**Problem details**
Beneath this line is the data. Output exactly the lines from the line with "Table2: Transformation (Transposition)" to the line with "昨日凌晨，在新乡卫辉市后河镇", both ends included, and nothing more.

**Exercise materials**
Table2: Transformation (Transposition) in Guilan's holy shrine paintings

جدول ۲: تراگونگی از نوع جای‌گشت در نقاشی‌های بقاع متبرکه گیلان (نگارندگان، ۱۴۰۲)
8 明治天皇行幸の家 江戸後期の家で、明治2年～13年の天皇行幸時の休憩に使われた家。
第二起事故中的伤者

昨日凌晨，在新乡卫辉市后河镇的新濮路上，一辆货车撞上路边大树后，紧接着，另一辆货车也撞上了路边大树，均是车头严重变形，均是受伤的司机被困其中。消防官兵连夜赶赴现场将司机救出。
---
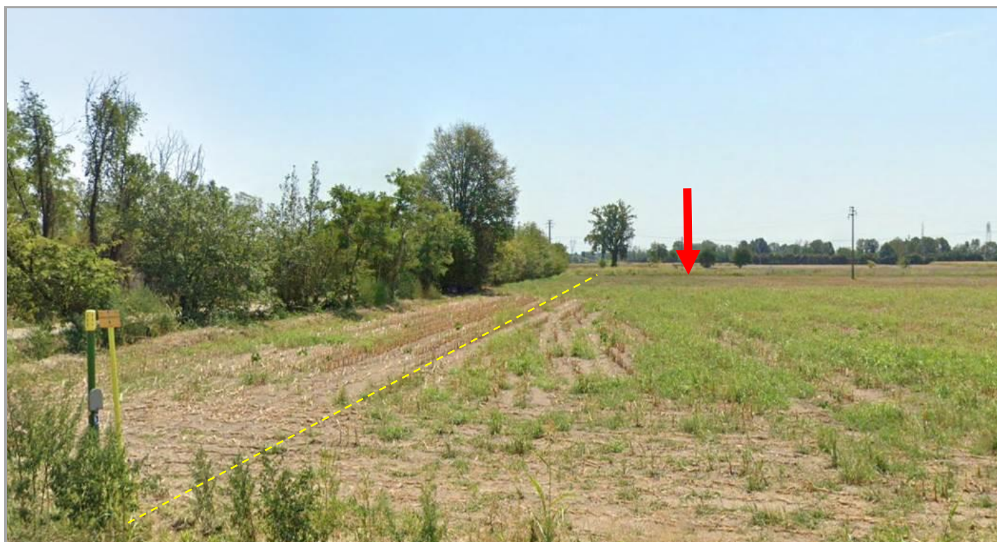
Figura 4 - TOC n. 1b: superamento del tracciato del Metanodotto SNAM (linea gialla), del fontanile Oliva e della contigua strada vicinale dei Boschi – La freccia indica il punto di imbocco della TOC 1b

**Your response**
Table2: Transformation (Transposition) in Guilan's holy shrine paintings

جدول ۲: تراگونگی از نوع جای‌گشت در نقاشی‌های بقاع متبرکه گیلان (نگارندگان، ۱۴۰۲)
8 明治天皇行幸の家 江戸後期の家で、明治2年～13年の天皇行幸時の休憩に使われた家。
第二起事故中的伤者

昨日凌晨，在新乡卫辉市后河镇的新濮路上，一辆货车撞上路边大树后，紧接着，另一辆货车也撞上了路边大树，均是车头严重变形，均是受伤的司机被困其中。消防官兵连夜赶赴现场将司机救出。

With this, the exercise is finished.